Yehimi Cambrón Álvarez is an interdisciplinary Artist, Activist, and Public Speaker born in Michoacán, Mexico. She immigrated to Georgia at seven, grew up undocumented in Atlanta, and has been a DACA recipient since 2013.

 Cambrón’s work explores the nuances of undocumentedness and its thread in the movement toward collective liberation. Through public art, she has served as a monument-maker asserting the humanity of immigrants in Atlanta, claiming barren walls to paint landmarks that belong to undocumented people. Her work institutes a space for immigrants within the South's dominant racial binary. From her first mural on Buford Hwy to her mural at the Mercedes-Benz Stadium, she confronts the idea of who is worthy of public celebration in the home of the largest Confederate monument in the nation. She has worked to complicate the immigrant narrative beyond murals through portraits and site-specific installations. Cambrón has had solo exhibitions at the University of South Carolina’s Upstate Art Gallery (2022) and Oglethorpe University Museum of Art (2023), and has exhibited at Agnes Scott College's Dalton Gallery, Atlanta Contemporary Art Center, Museum of Contemporary Art of Georgia, and the High Museum of Art.

Cambrón received a B.A. in Studio Art from Agnes Scott College (2014) fully funded by the Goizueta Foundation. In 2015, she became an educator and one of the first Teach for America DACAmented Corps Members placed in Georgia.

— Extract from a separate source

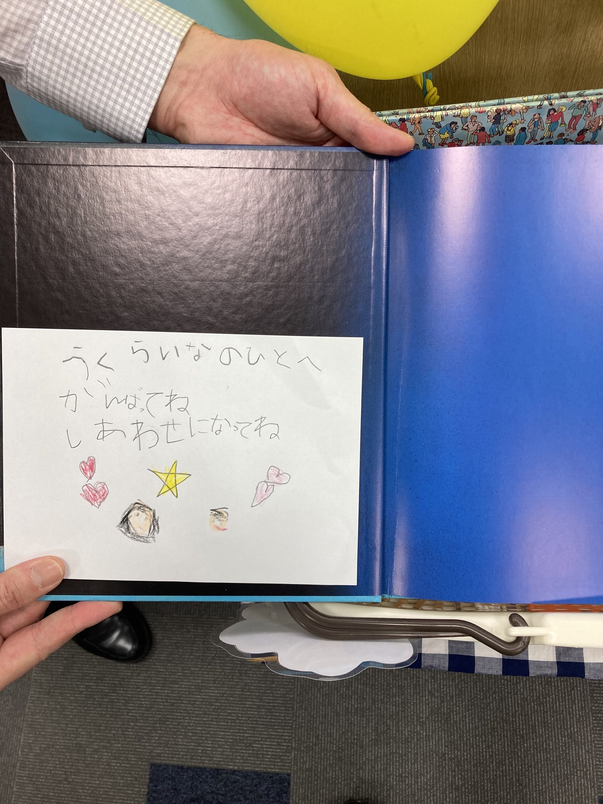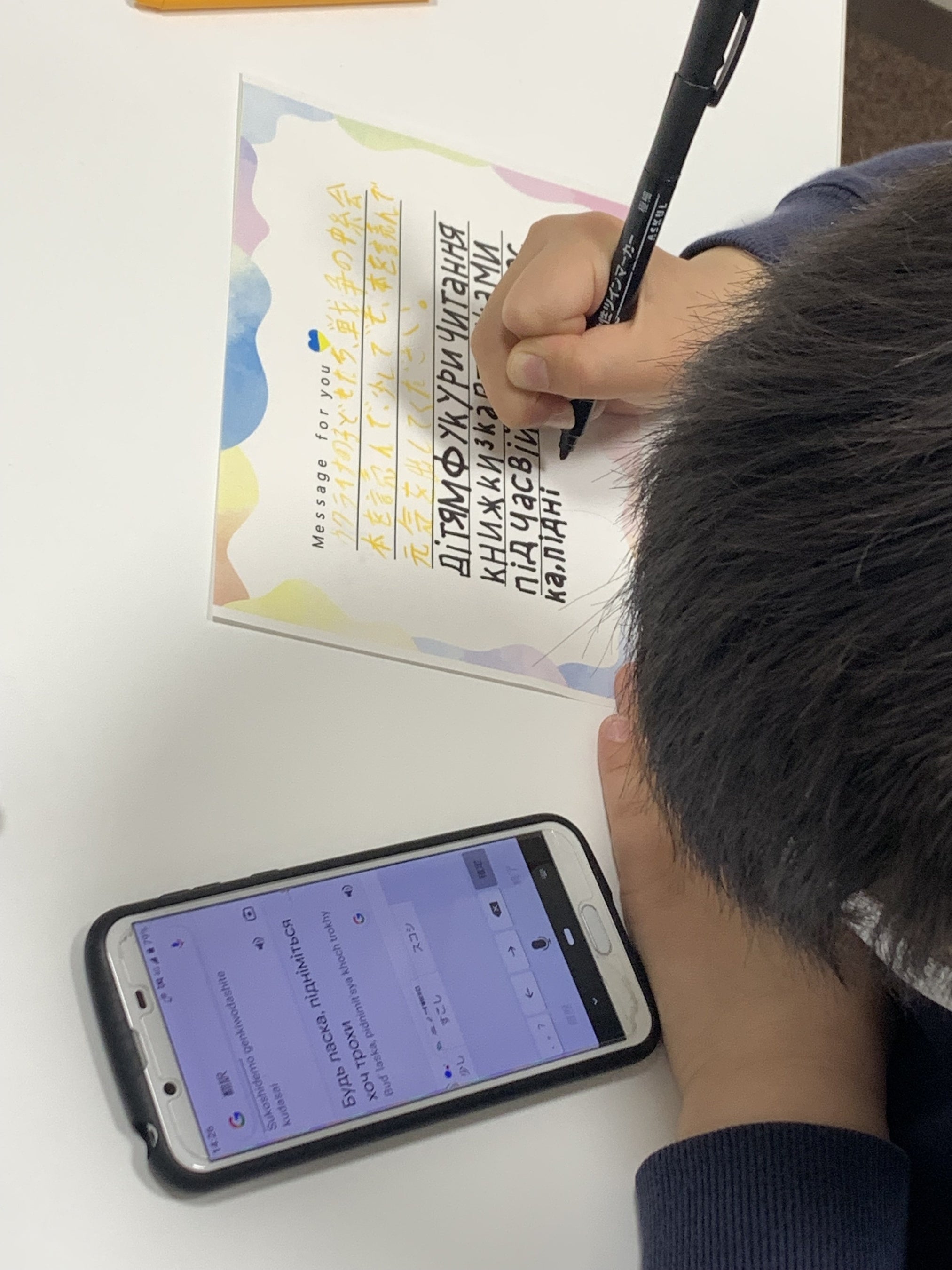 絵本と共にいただいたメッセージの中には、子ども達からのウクライナ語で書かれたメッセージや、「おうえんしているよ」などの、あたたかい言葉もありました。

Two years later, she returned to Cross Keys High School, her alma mater, to teach art. In 2019, Cambrón left the classroom to pursue art full-time. She is completing an MFA at the School of the Art Institute of Chicago as a recipient of the 2023 Paul & Daisy Soros Fellowship for New Americans and is expanding her practice into fibers, sculpture, and discarded materials from her family's commercial furniture-making practice in Atlanta.